Von einem ökonomischen Grundgesetz im Sozialismus zu sprechen, wie wir mit Recht vom Wertgesetz als dem Grundgesetz des Kapitalismus sprechen, erscheint somit als von vornherein irrige Betrachtungsweise. Im Kapitalismus hat das Wertgesetz den Quasi-Charakter eines Naturgesetzes. Es regelt den Warentausch, die Verteilung des Arbeitsprodukts und die Verteilung der Arbeit, ohne dass die Produzenten zuvor eine Vereinbarung über den Charakter dieser Verteilung getroffen hätten. Das Gesetz ist ohne eine solche Vereinbarung da und wirksam. Die planende Tätigkeit des Kapitalisten und seiner Hilfskräfte und Stäbe findet auf der Grundlage und der Voraussetzung des funktionierenden Wertgesetzes statt. Daran muss er seine Planung anpassen, will er nicht untergehen. Ein so (ohne Bewusstsein und Vereinbarung der Produzenten) zustande gekommenes Grundgesetz kann es im Sozialismus nicht geben. Die Umwälzung der Produktionsverhältnisse vom Kapitalismus zum Sozialismus geschieht - wenn sie denn je wieder geschieht - gerade deshalb, um dem blind wirkenden Wertgesetz (und seinen Kindern, dem Mehrwertgesetz und der Profitlogik) das bewusste Handeln der Arbeitenden entgegenzustellen. Der Sozialismus ist Sozialismus nur dann, wenn die Menschen "Natur"-Gesetzen wirklich nur in ihrer Beziehung zur Natur unterworfen sind, nicht aber dann, wenn es um die Beziehung der Menschen untereinander geht. Der Mensch im Sozialismus muss sich seine ökonomischen Gesetze (besser seine Regeln) selbst schaffen. Diese Regeln mögen, wenn sie "Gültigkeit" erreicht haben, ähnlich wie juristische Gesetze und Regeln im kapitalistischen Arbeitsprozess von den Produzenten angeeignet und verinnerlicht werden, sie werden dennoch damit nicht zu objektiven Gesetzen, sondern sie bleiben (durch politische Entscheidungen) zustande gekommene Verhaltensmaßregeln, denen sich die Produzenten unterwerfen, weil sie einsichtig sind. Sie entsprechen den Regeln des Straßenverkehrs. Sie sind die Regeln des ökonomischen Verkehrs der Menschen untereinander.

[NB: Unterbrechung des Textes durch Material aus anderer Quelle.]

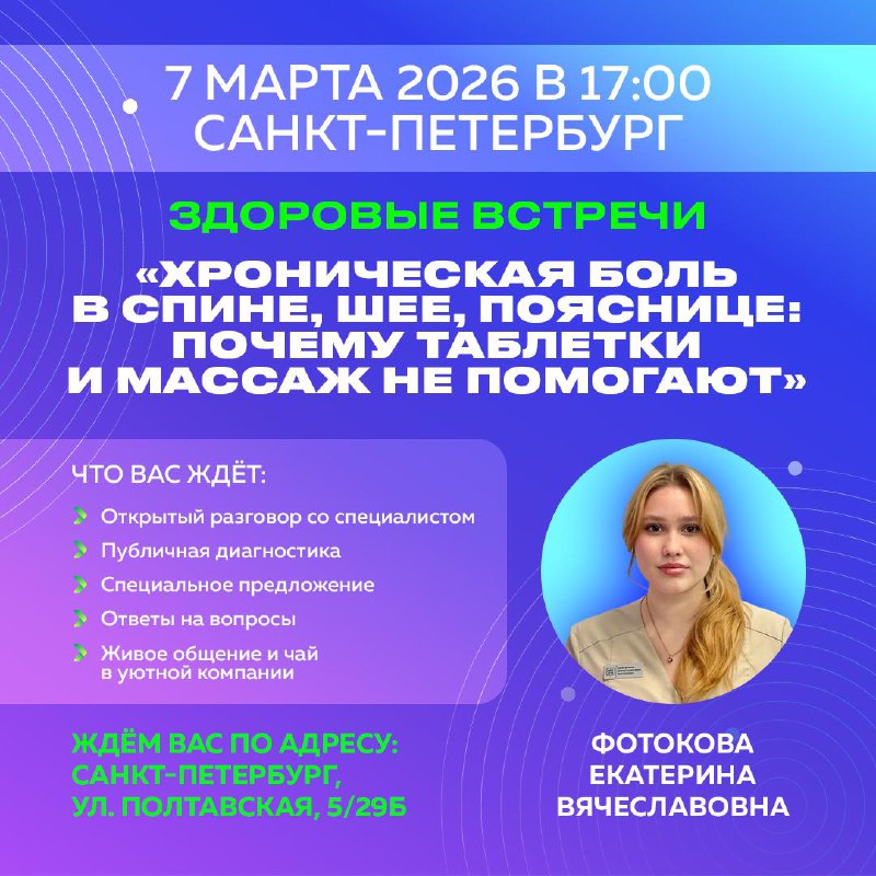 ⚡ ХВАТИТ ТЕРПЕТЬ, ПРИХОДИТЕ РАЗБИРАТЬСЯ! Друзья, пришло время поговорить о том, что мучает годами. 7 марта приглашаем вас на тёплую встречу в нашу клинику в Санкт-Петербурге. Разберём одну из самых

These 8 Sozialistisch organisierte Gesellschaften unterscheiden sich von kapitalistischen dadurch, dass das bestimmende ökonomische Moment nicht (mehr) das Kapital ist. Diese These ist möglicherweise deshalb wenig kontrovers, weil sie ein wenig vage formuliert ist. Sie dient als Erinnerung daran, dass es nicht immer eindeutig ist, wo Sozialismus und wo Kapitalismus herrscht. Sie dient also als eine Art Sozialismusdefinition. Es ist keine positive Definition, sondern die Formulierung grenzt den Sozialismus gegen den Kapitalismus, nicht jedoch gegen andere Produktionsweisen ab. Die These soll dazu dienen, wie man eine Gesellschaft erkennt, die sozialistisch organisiert ist. Das Kapitalverhältnis als bestimmende ökonomische Dynamik erscheint als das geeignete Kriterium, um diese Unterscheidung treffen zu können ...



Die strittigen Thesen

Unter den kontroversen Thesen ist These 1 Die Volkswirtschaften der Sowjetunion und die der meisten RGW-Staaten und Chinas bis zur Wende unter Deng Xiaoping waren keine Waren-produzierenden Gesellschaften. Das Wertgesetz hatte keine Geltung schon deshalb strittig, weil sie dem Selbstverständnis der Ökonomen in den sozialistischen Ländern Europas, also auch der DDR widersprach. Zur kurzen Begründung für meine These konstatiere ich, dass es im Realsozialismus keine private Verfügungsgewalt über die Produktionsmittel gab. Es gab kein privates Kapital und deshalb auch keinen Kapitalmarkt. Wie wir wissen (Marx, Kapital Band 3) setzt sich das Wertgesetz im Kapitalismus über den Fluss des Kapitals in Richtung eines Ausgleichs der Profitraten durch. Dieser Markt fehlt im Sozialismus. Es wäre natürlich möglich, dass die Planbehörde einen solchen Ausgleich der Profitraten simuliert und entsprechend die Preise gemäß den so festgestellten oder besser vermuteten "Werten" festlegt ... Über den Kapitalmarkt regelt sich im Kapitalismus, in welche Richtung er sich entwickelt, welche Branchen wachsen, welche stagnieren und welche schrumpfen. Im Sozialismus ist gerade diese Entscheidung eine politische. Wo investiert wird, diese Frage soll im Sozialismus nicht von den Bewegungen des Kapitalmarktes und der Suche nach der höchsten Profitrate entschieden werden. Und das war auch nicht der Fall. Es fehlten damit im Sozialismus alle Voraussetzungen dafür, dass das Wertgesetz funktionieren konnte. Preise (und zu produzierende Mengen) wurden von der Planbehörde politisch bestimmt.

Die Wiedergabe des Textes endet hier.